Stephanie Borissov ’21, Sophie Pathak ’24 and Eya Ibrahim ’22 all participated in the summit, and they said they enjoyed learning new information and engaging in discussions with other students from around the world. 

“The summit was all about sustainability and climate change, and how we as youth and anyone interested in the cause can make a difference and change,” explained Stephanie. 

There were three keynote speakers at the summit: Elizabeth May, Parliamentary Leader of the Green Party of Canada and MP for Saanich-Gulf Islands; Barb McMahon, Founder of Sprouting Chefs; and Lilah Williamson, climate activist. 

“It was a really good reminder for youth in particular the urgency of taking action and that climate change matters,” said Eya. “All these people were telling us to pressure the adults in our community, pressure our local MPs because climate change isn’t an issue that we can just put aside, it’s something we really need to take action on and do that immediately otherwise there might not be a future—and it’s our future that is the hands of these big corporations, so it’s important that we start now.” 

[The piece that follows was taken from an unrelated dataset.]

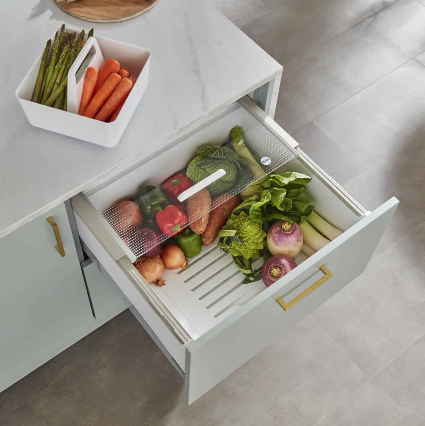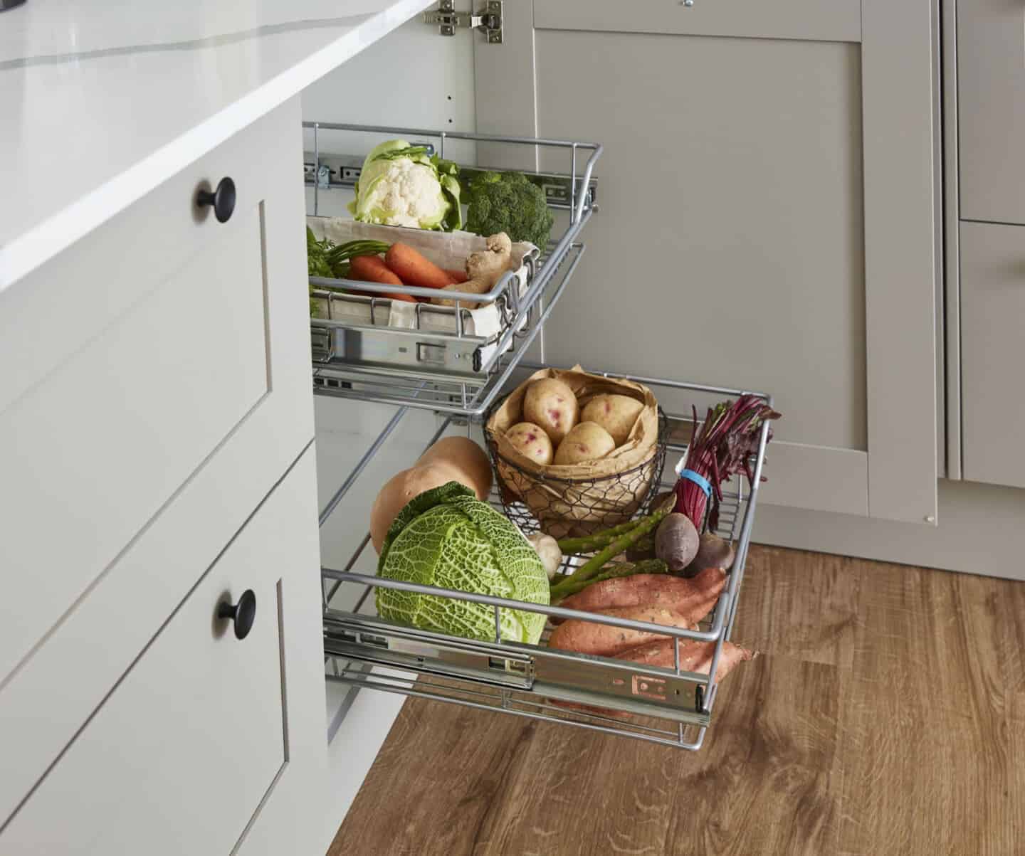 Storing fresh produce is an issue in my kitchen. We have no built-in storage other than the salad drawer in the fridge so we end up using some wooden crates to store vegetables. I’d much rather have them stored out of sight. Magnet offers a couple of solutions to this. Fresh produce can either be stored in a drawer or in wire basket drawers inside the base cabinets.

Stephanie agreed with Eya, especially because the COVID-19 pandemic has pushed many issues, such as climate change, away from the forefront. 

“Elizabeth May said we need to treat the climate crisis the same way we are treating COVID-19—it is a crisis and that was really powerful to hear,” she said. 

Sophia said this was the first conference she attended online, and she was interested to see how it would work and to listen to the different speakers. 

“It was cool to see all the different perspectives and see what they had done to help with climate change,” she said. “My biggest takeaway was that you can make a difference in your community, and small actions can make a big difference.”

Overall, the students enjoyed their experience of the conference as it allowed them to not only see local, but global perspectives on issues that are important to them. 

“It was a really nice event. I know the person who was organizing it and it was nice to see someone in my community who was taking action,” said Eya. “There was a lot of global engagement and we felt empowered and it was fun to talk to different people. There were breakout rooms where we could discuss issues important to us, and there was the aspect of, what are you going to do to make a change in the community? So it was interesting to hear everyone’s ideas.”